As Expected, Obama Vetoes Keystone Pipeline Bill

We can’t say we didn’t see this one coming. Obama has vetoed the bill allowing the construction of the Keystone Pipeline, giving himself control over its future:

With no fanfare and a 104-word letter to the Senate, Mr. Obama vetoed legislation to authorize construction of a 1,179-mile pipeline that would carry 800,000 barrels of heavy petroleum a day from the oil sands of Alberta to ports and refineries on the Gulf Coast.

In exercising the unique power of the Oval Office for only the third time since his election in 2008, Mr. Obama accused lawmakers of seeking to circumvent the administration’s approval process for the pipeline by cutting short “consideration of issues that could bear on our national interest.”

By rejecting the legislation, Mr. Obama retains the right to make a final judgment on the pipeline on his own timeline.
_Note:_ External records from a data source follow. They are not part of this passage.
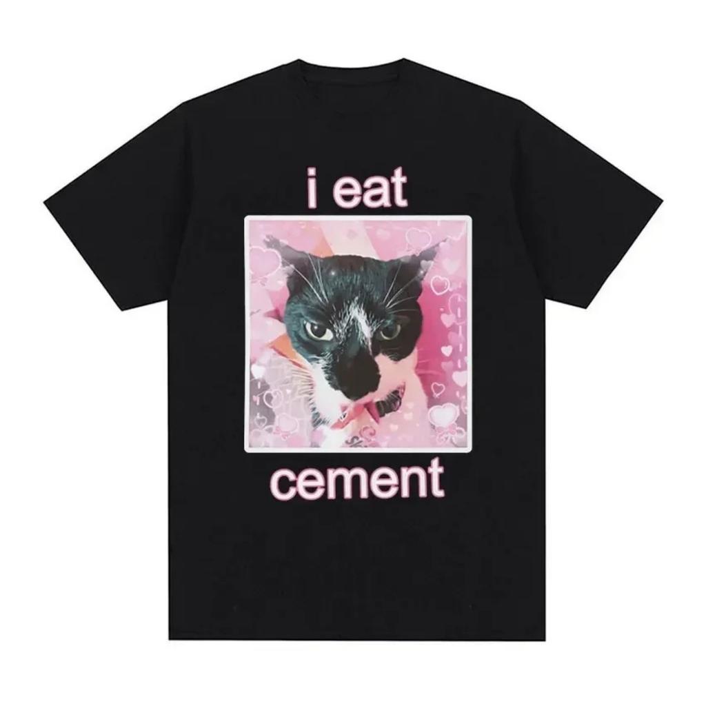Funny I Eat Cement Cat Meme Graphic T-Shirt Men Women Fashion Casual Short Sleeve T-shirts Summer Tops Oversized T Shirt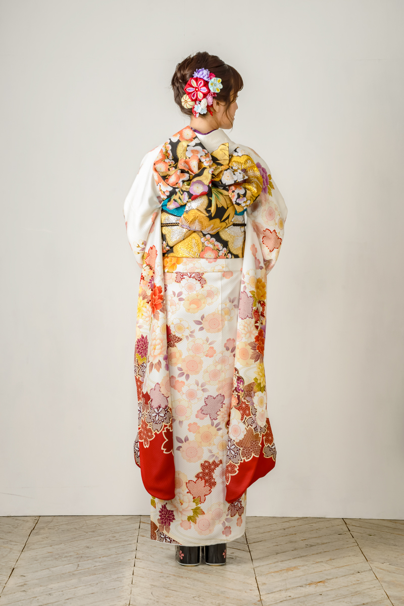 ミルキーカラーに朱赤を組み合わせた振袖【MK-801】
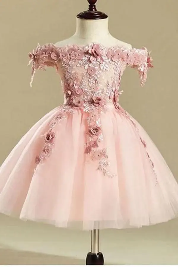 Pink Embroidery Flower Girl Dresses,Tulle Short Girl Dresses DMJ25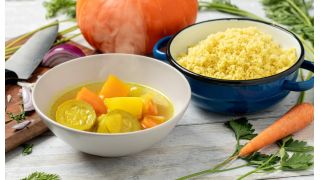 קוסקוס טבעוני עם מרק ירקות עשיר. גזר, דלורית, קישוא, תפוח אדמה, בצל, סלרי, כרוב וגרגירי חומוס. ליטר מרק וליטר קוסקוס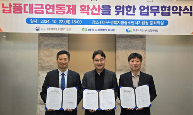 한국수력원자력(대표 황주호)은 22일 대구‧경북지방중소벤처기업청, 대·중소기업·농어업협력재단과 함께 납품대금 연동제 확산을 위한 업무협약을 체결했다.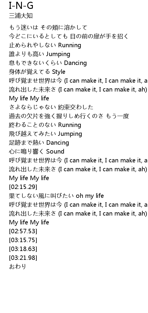 | [02:48.72] | 流れ出した未来さ (I can make it, I can make it, ah) |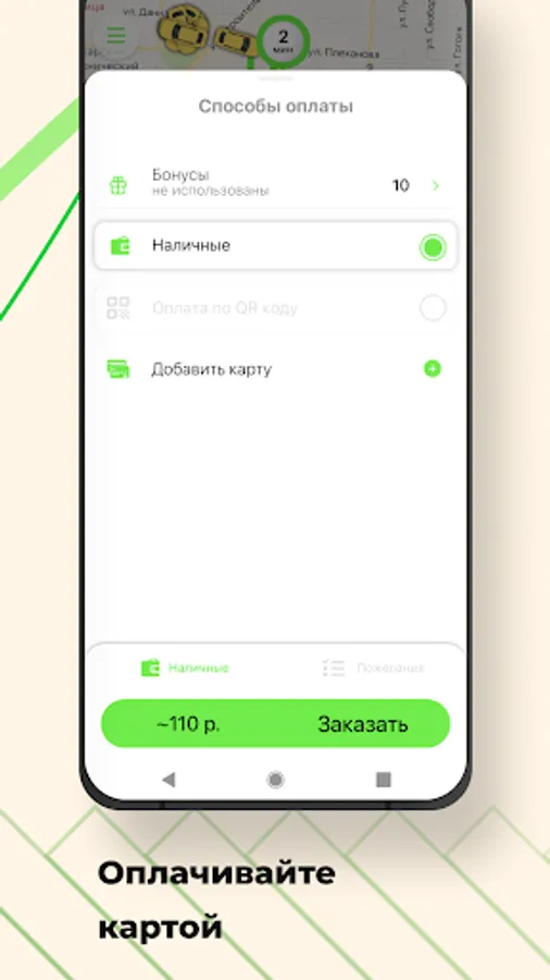Pay for trips in cash, by card or accumulated bonuses. You can also pay for the trip through any banking application using a QR code.

Great. This pipeline could have done even more to shake control of our oil supply out of the hands of oil-rich Middle Eastern countries, most of whom obviously don’t have American interests at heart. But that’s not really that important apparently in the face of the vast environmental dangers of the pipeline.
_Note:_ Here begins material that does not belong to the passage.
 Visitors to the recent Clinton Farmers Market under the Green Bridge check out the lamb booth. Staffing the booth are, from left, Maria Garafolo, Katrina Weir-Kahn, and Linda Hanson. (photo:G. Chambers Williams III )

What are those environmental dangers, you may ask? The simple version from environmentalists is two-fold: increased carbon emissions and increased fossil fuel dependency.

The energy strategy is to introduce large quantities of oil from Canadian tar sands. According to the US Department of Environmental Protection, the greenhouse gas emissions from Canadian oil sands crude oil will be more than 80% greater than oil refined in the US. Independent estimates run up to three times more global warming pollution than conventional oil.
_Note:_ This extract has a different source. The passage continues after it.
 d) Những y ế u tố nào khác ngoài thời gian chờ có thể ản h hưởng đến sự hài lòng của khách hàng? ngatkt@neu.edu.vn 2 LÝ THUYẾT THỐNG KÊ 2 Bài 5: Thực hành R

Once the Keystone XL is in place, a wide area of the US will become dependent on oil from Canadian tar sands. With no available alternative, pressure will grow to import more and more of it. Even more dangerous, the pipeline will lock in dependence on fossil fuels for decades to come and remove the pressure to convert to renewable alternatives.

Are these concerns valid? Perhaps. It’s hard to tell. If you reject anthropogenic climate change theory and believe that oil dependency is inevitable, your argument will be that depending on oil from Canada is better than depending on it from OPEC, and you will also argue that carbon emissions do not have as much of an environmental impact as environmentalists think. What do you think? Is the Keystone Pipeline worth it? Or is it another crony scam from our bloated civil government? Does it actually present major environmental problems? Or is that just more hot air from the global warming quacks?